**Work instructions**
In the material below, find the line containing "Os kits foram" and the line containing "選択理論では、人は生まれなが". Output those two lines and all lines between them exactly, without pictures.

**Available data**
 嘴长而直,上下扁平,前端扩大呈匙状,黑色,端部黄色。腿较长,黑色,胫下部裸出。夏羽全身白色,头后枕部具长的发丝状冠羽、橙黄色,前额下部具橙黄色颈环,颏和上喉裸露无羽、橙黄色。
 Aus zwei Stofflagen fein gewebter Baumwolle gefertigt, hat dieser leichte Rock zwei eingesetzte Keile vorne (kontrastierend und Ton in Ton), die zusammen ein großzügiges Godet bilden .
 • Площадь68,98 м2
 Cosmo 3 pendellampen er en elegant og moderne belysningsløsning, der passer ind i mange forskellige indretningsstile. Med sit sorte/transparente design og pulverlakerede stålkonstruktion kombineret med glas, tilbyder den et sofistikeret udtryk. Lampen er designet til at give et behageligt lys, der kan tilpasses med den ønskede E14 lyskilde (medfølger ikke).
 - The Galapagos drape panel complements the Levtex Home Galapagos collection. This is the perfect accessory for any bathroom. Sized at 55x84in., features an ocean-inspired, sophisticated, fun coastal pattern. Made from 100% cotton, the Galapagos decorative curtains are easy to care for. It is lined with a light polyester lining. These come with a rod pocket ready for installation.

---

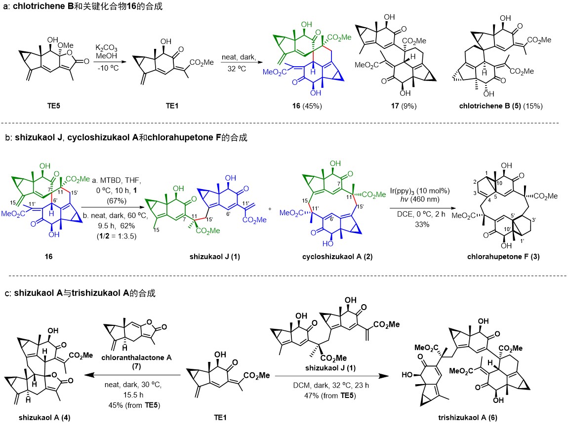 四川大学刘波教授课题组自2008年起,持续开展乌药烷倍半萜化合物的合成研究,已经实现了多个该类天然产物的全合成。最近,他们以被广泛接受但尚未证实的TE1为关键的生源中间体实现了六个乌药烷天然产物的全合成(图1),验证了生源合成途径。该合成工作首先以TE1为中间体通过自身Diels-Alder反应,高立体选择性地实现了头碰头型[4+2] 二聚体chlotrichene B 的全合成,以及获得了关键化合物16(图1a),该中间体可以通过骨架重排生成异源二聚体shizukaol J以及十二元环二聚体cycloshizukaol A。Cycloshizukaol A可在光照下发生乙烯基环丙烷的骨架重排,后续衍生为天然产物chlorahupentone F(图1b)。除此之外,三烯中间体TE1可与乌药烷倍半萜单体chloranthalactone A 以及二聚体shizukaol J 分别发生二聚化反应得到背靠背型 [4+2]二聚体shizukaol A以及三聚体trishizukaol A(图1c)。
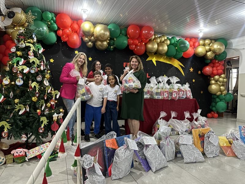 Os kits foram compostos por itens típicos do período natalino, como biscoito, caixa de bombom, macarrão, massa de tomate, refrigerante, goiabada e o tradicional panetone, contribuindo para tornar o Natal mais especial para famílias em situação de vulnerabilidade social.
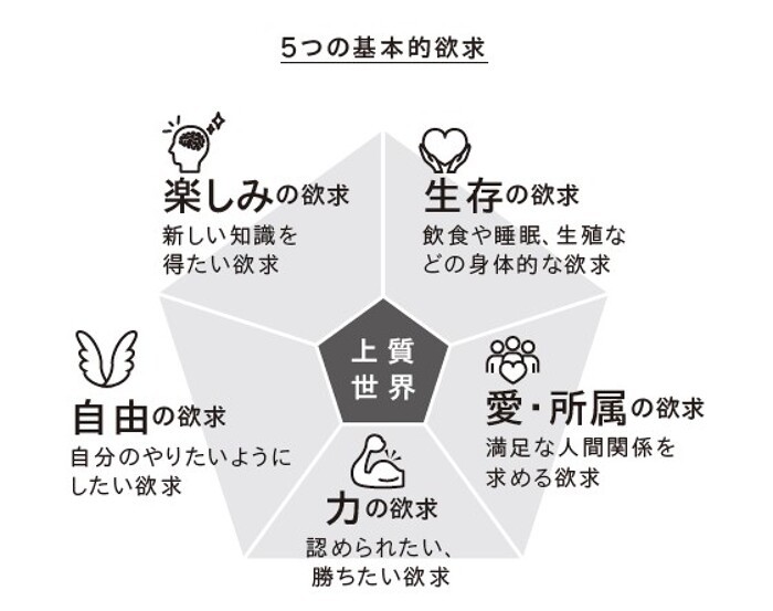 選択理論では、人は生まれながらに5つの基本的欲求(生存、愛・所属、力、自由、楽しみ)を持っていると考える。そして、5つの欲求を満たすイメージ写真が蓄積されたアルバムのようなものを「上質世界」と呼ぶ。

**Answer**
 Os kits foram compostos por itens típicos do período natalino, como biscoito, caixa de bombom, macarrão, massa de tomate, refrigerante, goiabada e o tradicional panetone, contribuindo para tornar o Natal mais especial para famílias em situação de vulnerabilidade social.
 選択理論では、人は生まれながらに5つの基本的欲求(生存、愛・所属、力、自由、楽しみ)を持っていると考える。そして、5つの欲求を満たすイメージ写真が蓄積されたアルバムのようなものを「上質世界」と呼ぶ。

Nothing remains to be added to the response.